- **Directions**
Set the images aside and retype the whole listing exactly.

- **Material for this task**
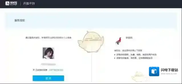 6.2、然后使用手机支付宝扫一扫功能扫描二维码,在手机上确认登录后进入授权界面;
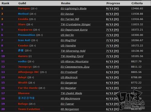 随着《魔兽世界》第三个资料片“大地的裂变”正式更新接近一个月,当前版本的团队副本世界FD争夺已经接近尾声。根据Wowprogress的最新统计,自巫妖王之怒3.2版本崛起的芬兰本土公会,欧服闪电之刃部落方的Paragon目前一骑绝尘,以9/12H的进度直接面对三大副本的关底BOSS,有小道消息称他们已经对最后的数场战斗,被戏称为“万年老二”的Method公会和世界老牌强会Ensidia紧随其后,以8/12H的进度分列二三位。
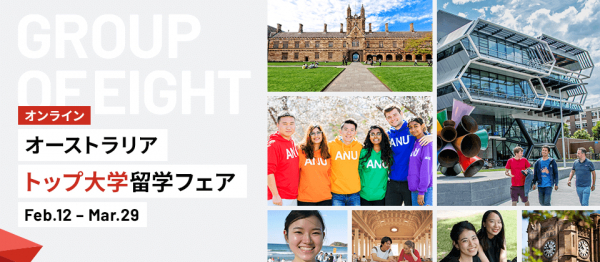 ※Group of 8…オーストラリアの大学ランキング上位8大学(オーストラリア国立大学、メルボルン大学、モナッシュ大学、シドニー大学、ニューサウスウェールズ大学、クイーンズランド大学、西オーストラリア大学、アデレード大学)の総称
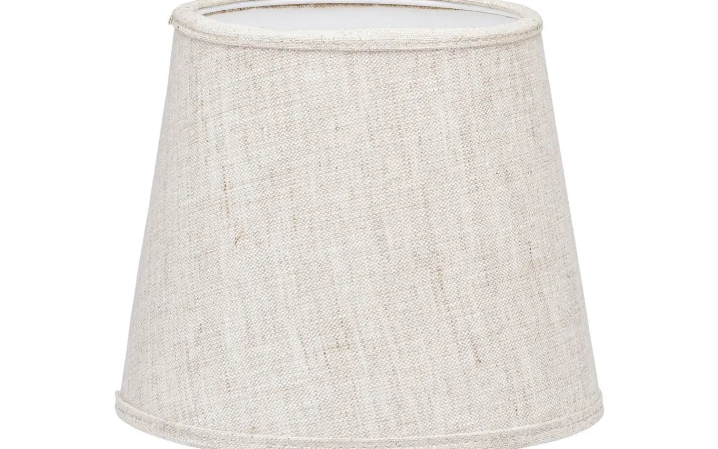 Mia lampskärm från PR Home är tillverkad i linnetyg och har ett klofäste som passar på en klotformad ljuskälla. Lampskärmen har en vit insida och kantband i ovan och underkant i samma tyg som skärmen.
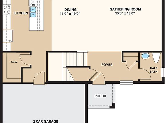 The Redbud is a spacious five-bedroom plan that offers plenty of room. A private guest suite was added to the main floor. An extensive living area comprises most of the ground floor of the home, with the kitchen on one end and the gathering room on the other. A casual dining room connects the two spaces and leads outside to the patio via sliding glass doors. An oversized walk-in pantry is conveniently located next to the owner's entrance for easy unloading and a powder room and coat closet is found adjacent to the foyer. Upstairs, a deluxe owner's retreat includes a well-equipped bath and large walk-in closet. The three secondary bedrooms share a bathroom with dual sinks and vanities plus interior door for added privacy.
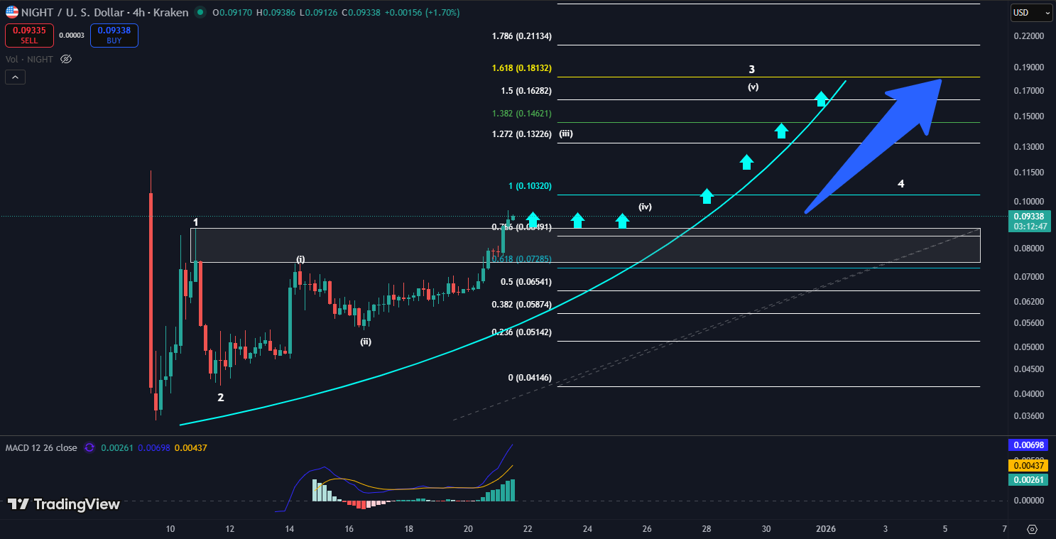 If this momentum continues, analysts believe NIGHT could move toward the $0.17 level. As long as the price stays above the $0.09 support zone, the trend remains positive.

- **Exercise output**
 6.2、然后使用手机支付宝扫一扫功能扫描二维码,在手机上确认登录后进入授权界面;
 随着《魔兽世界》第三个资料片“大地的裂变”正式更新接近一个月,当前版本的团队副本世界FD争夺已经接近尾声。根据Wowprogress的最新统计,自巫妖王之怒3.2版本崛起的芬兰本土公会,欧服闪电之刃部落方的Paragon目前一骑绝尘,以9/12H的进度直接面对三大副本的关底BOSS,有小道消息称他们已经对最后的数场战斗,被戏称为“万年老二”的Method公会和世界老牌强会Ensidia紧随其后,以8/12H的进度分列二三位。
 ※Group of 8…オーストラリアの大学ランキング上位8大学(オーストラリア国立大学、メルボルン大学、モナッシュ大学、シドニー大学、ニューサウスウェールズ大学、クイーンズランド大学、西オーストラリア大学、アデレード大学)の総称
 Mia lampskärm från PR Home är tillverkad i linnetyg och har ett klofäste som passar på en klotformad ljuskälla. Lampskärmen har en vit insida och kantband i ovan och underkant i samma tyg som skärmen.
 The Redbud is a spacious five-bedroom plan that offers plenty of room. A private guest suite was added to the main floor. An extensive living area comprises most of the ground floor of the home, with the kitchen on one end and the gathering room on the other. A casual dining room connects the two spaces and leads outside to the patio via sliding glass doors. An oversized walk-in pantry is conveniently located next to the owner's entrance for easy unloading and a powder room and coat closet is found adjacent to the foyer. Upstairs, a deluxe owner's retreat includes a well-equipped bath and large walk-in closet. The three secondary bedrooms share a bathroom with dual sinks and vanities plus interior door for added privacy.
 If this momentum continues, analysts believe NIGHT could move toward the $0.17 level. As long as the price stays above the $0.09 support zone, the trend remains positive.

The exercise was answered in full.